So Agnes went out yesterday, and then I dealt with some trauma which meant my head was anywhere but my writing, and then I woke up at the crack of dawn still upset and read a book by a pal that made everything better. Mad Dash by Patricia Gaffney. It’s not out until August, so this is cruel, teasing you like this, but it’s so wonderful, and I wept all over it in a GOOD way, because it’s just beautiful but not sad at all, just true. You know how it is when you read exquisite writing that just nails something you’ve known but couldn’t put into words? And then you weep because it’s so true? That kind of crying. Mad Dash, wonderful, wonderful book.
And of course reading great books makes me want to write. I’ll never be the writer Gaffney is, she’s a miracle, but I’m pretty damn good, and I have that Zelda file right there on the desktop looking at me. And now I want to write.
But not yet.
So my daughter calls and we’re talking about the Cranky Agnes logo (the logo Agnes has at the top of her newspaper column and on her promo aprons) and I tell her that now I have to find a new occupation for Zelda because she was a cookbook writer and now Agnes is a cookbook writer so Zelda cannot be one. Which is all right because I wasn’t married to that anyway. And I ask Mollie, “Any ideas on what Zelda should do for a living?” and she says, “Why would I have ideas?” and I say, “Because whatever she does is what you’re going to hang the marketing stuff on,” and she says, “OH.” Because she is business 24/7.
Mollie says, “She has a cable TV show,” and I’m thinking, “Uh, no,” and Mollie says, “About plants,” (Mollie was a landscape architect in first career), and I say, “Oh, well . . .” and she keeps going with ideas and hits “perennial expert,” and I say, “Oh!” and she talks about how you can’t plant perennials under walnut trees because the roots kill them, and I’m thinking, “Malcolm is a walnut tree, Zelda could look at him and think ‘walnut tree,’” (oooh, maybe I should change his name to Walter) and that certain perennials are really good together and that others are toxic to each other, and I’m thinking, “Hoo boy, symbolism there,” and then she says that many perennials are poisonous, and I remember there’s a murder by poisoning in the book, and what if Zelda is known as an perennial specialist, and all of a sudden, I’ve got Zelda’s profession and a whole new way into this book.
Because Zelda’s nemesis (although not necessarily antagonist) in this book is Rose, and Rose has a mother named Lily, and then I started thinking about how tough roses were, both to grow and then to get rid of, especially the wild rambling kind which have to be perennials, right? I don’t know, I haven’t looked yet. But is this not crunchy?

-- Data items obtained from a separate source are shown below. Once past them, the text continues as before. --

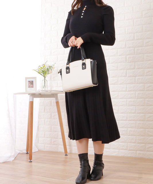 ボウタイ付き 配色 カットアウト ロング ワンピース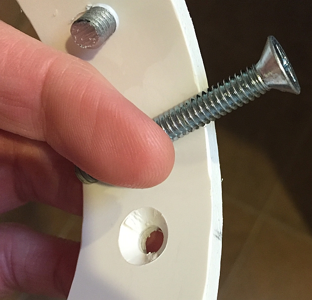 This is where you will have the opportunity to benefit from one of my mistakes. Nylon washers were the largest type of washer I could find at the time the original end pieces were constructed. I thought that by doubling them up in pairs, I could provide enough strength to withstand the exerted force required during alignment. I was wrong! So ignoring the fact that these end pieces are nylon, look at the following picture for an idea of how the end pieces are constructed.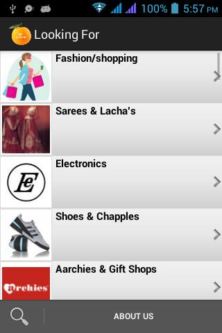 - Vous pouvez rechercher des offres à partir de diverses catégories telles que la mode / shopping, les saris et les lacha, l'électronique, les chaussures et les chapples, les aarchies et les boutiques de cadeaux, les bijoux, les mobiles, le salon de coiffure, les lunettes de soleil, les montres, les sacs, Boutiques, café, voyages, auberge de filles, auberge de garçons, salle d'exposition de vélo, salle d'exposition de voitures, cuisine modulaire, hôpitaux, Tutions, Civil Engg & Architecture, CA, avocat.
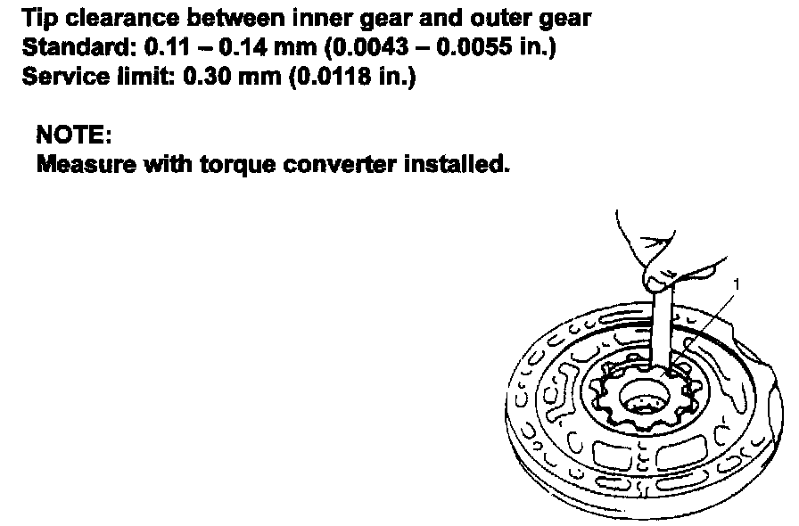 ^ Check tip clearance between inner gear (1) and outer gear.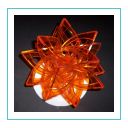 Het wordt geassembleerd van dertig identieke stukken. Elk stuk is een verlengde S-vormige vorm, zorgvuldig berekend om rond in een draaikolk met de andere delen spiraalsgewijs te bewegen en elkaar raken bij hun buitenste uiteinden. Het effect is als een dodecahedron die van dozijn spinnende bloemen wordt geconstrueerd. Tot u het persoonlijk bestudeert, is het moeilijk om te erkennen dat de vorm van elk stuk eenvoudig vlak S is.

And that’s when I realized that you could get a second go round on Sticky Time.
Sticky Time is that period at the beginning of a book where you keep tripping over things that need to be in it. You’re not looking; it’s just that everywhere you go, suddenly you think, “I can use that.” I used to think that everything stuck to the book during Sticky Time, but then I realized that I was seeing and hearing thousands of things during that time, but only the stuff that the book wanted registered. It was like the book knew what it needed, and turned sticky for those ideas.
But I always thought it only happened at the beginning of the book. Oh, sure, sometimes things come along later, like Wonder Woman in Don’t Look Down, but the stuff that stuck in the beginning determined the shape of the book. Only now it turns out that if you go away from a book and then come back, you get a new Sticky Time.
Well, I’m thrilled.
So now I’m looking at perennial books and googling and making notes, and Zelda is coming through strong again. The work a character does is so important, it says so much about who she is, that getting that right can sometimes bring the entire character into focus.
Plus did you know that if you don’t separate perennials every few years, they start to strangle each other? How’s that for a metaphor for family? I’m LOVING this Zelda-as-plant-specialist idea. Mollie does it again.
And—how crunchy is this—Strop is right, YoU AGAIN type does look like it has small vines or something growing on it. That’s A Sign.
Excuse me while I go find things that stick to my book.